Von den Arbeitern im Weinberg

1Denn das Reich der Himmel ist gleich einem Hausherrn, der frühmorgens ausging, um Arbeiter in seinen Weinberg zu dingen. 2Nachdem er aber mit den Arbeitern um einen Denar den Tag übereingekommen war, sandte er sie in seinen Weinberg.

3Und als er um die dritte Stunde ausging, sah er andere auf dem Markte müßig stehen; 4und zu diesen sprach er: Gehet auch ihr hin in den Weinberg, und was irgend recht ist, werde ich euch geben. 5Sie aber gingen hin. Wiederum aber ging er aus um die sechste und neunte Stunde und tat desgleichen. 6Als er aber um die elfte Stunde ausging, fand er andere stehen und spricht zu ihnen: Was stehet ihr hier den ganzen Tag müßig? 7Sie sagen zu ihm: Weil niemand uns gedungen hat. Er spricht zu ihnen: Gehet auch ihr hin in den Weinberg, und was irgend recht ist, werdet ihr empfangen!

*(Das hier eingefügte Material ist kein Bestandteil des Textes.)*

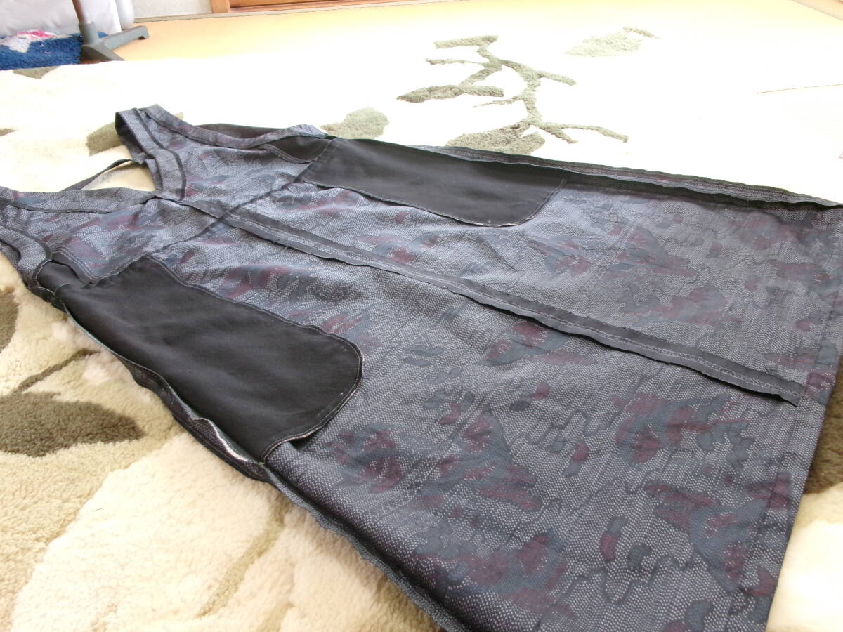 ポケット口、身頃脇に正絹の黒地を入れ込んで身幅を細く見えるように仕立てました。
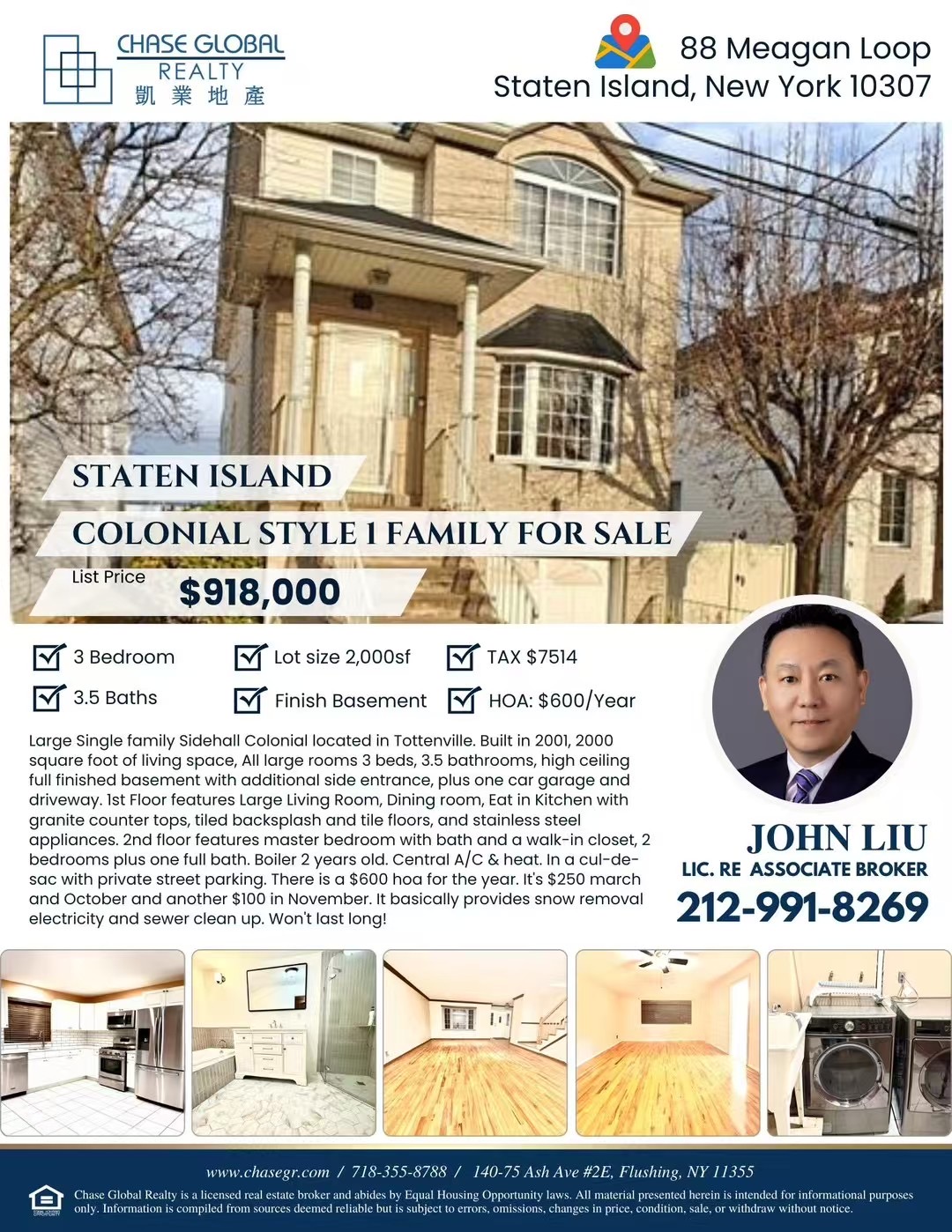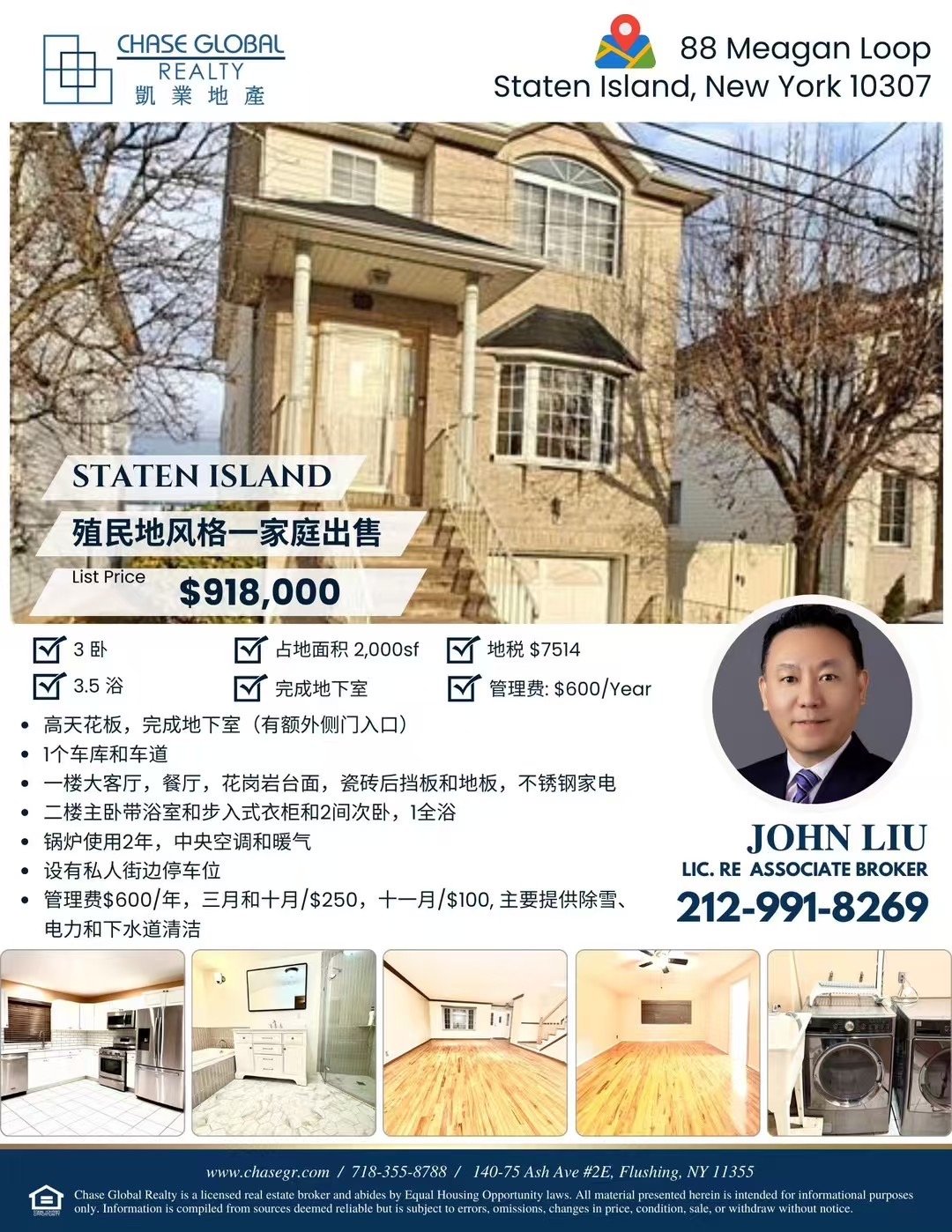 纽约史丹顿岛房子出售 华人区Staten Island NY 新上市史丹顿岛房屋住宅出售史丹顿岛豪宅独家出售买卖🔥 凯业地产Staten Island殖民地风格一家庭出售🔥💰售价$91万8💰
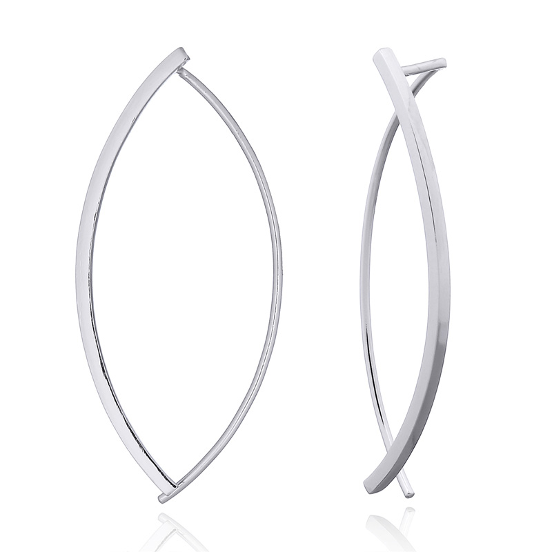 Two silver curves are joined with a thin stick that formed as a marquise shape in front view. The design is very stylish in simple drop that we created one of the presents for feminine.
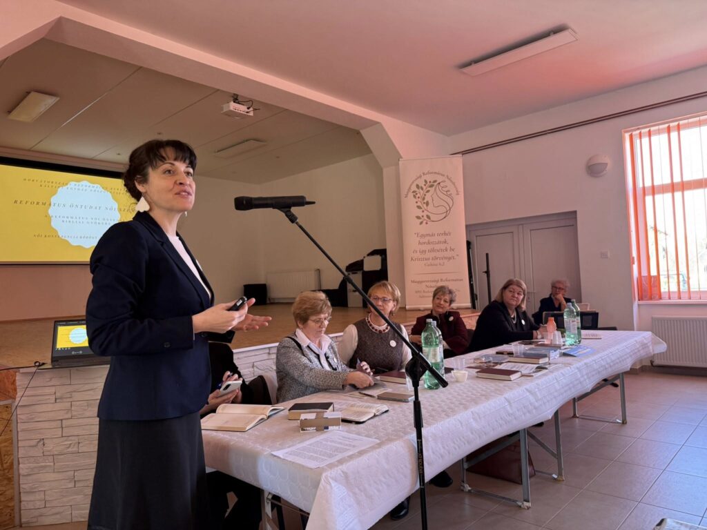 Az első előadást Koncz-Vágási Katalintól, a Magyarországi Református Nőszövetség elnökétől hallottuk, aki hangsúlyozta, hogy az öntudatos református nő biblikus. Egyedüli zsinórmértéke a Biblia. Ehhez igazodik az élete, és ezért rendíthetetlenül kitartó, hűséges és hősies a viselkedése. Ha számunkra ezek az értékek a legfontosabbak, akkor Istennél van a mi szívünk, és egyben a mi kincsünk is nála lesz.
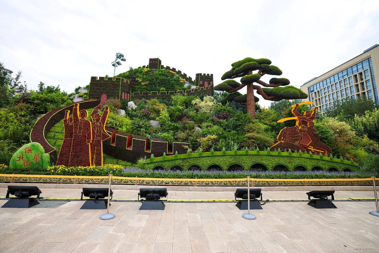 位于东单路口西南角的主题花坛,精美还原了北京卢沟桥等诸多华北地区的抗战故事。

8Als es aber Abend geworden war, spricht der Herr des Weinbergs zu seinem Verwalter: Rufe die Arbeiter und zahle ihnen den Lohn, anfangend von den letzten bis zu den ersten. 9Und als die um die elfte Stunde Gedungenen kamen, empfingen sie je einen Denar. 10Als aber die ersten kamen, meinten sie, daß sie mehr empfangen würden; und auch sie empfingen je einen Denar. 11Als sie aber den empfingen, murrten sie wider den Hausherrn und sprachen: 12Diese letzten haben eine Stunde gearbeitet, und du hast sie uns gleich gemacht, die wir die Last des Tages und die Hitze getragen haben.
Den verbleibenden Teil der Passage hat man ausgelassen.